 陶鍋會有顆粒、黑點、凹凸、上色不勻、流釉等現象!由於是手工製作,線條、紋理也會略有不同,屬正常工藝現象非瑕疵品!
==
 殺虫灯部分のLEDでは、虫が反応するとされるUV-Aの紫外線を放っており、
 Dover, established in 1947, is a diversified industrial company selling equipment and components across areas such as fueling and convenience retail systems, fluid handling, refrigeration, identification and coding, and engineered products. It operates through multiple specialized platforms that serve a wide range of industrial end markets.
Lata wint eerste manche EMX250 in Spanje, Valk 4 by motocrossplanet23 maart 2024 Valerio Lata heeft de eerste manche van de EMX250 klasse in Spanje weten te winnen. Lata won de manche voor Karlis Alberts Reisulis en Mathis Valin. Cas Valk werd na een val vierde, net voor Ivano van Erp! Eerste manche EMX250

§ TASK BRIEF:
Restate word for word the lines in the material above from the one with "Dover, established in" to the one with "Lata wint eerste"; both of those lines count, and nothing else does.

§ TASK SOLUTION:
 Dover, established in 1947, is a diversified industrial company selling equipment and components across areas such as fueling and convenience retail systems, fluid handling, refrigeration, identification and coding, and engineered products. It operates through multiple specialized platforms that serve a wide range of industrial end markets.
Lata wint eerste manche EMX250 in Spanje, Valk 4 by motocrossplanet23 maart 2024 Valerio Lata heeft de eerste manche van de EMX250 klasse in Spanje weten te winnen. Lata won de manche voor Karlis Alberts Reisulis en Mathis Valin. Cas Valk werd na een val vierde, net voor Ivano van Erp! Eerste manche EMX250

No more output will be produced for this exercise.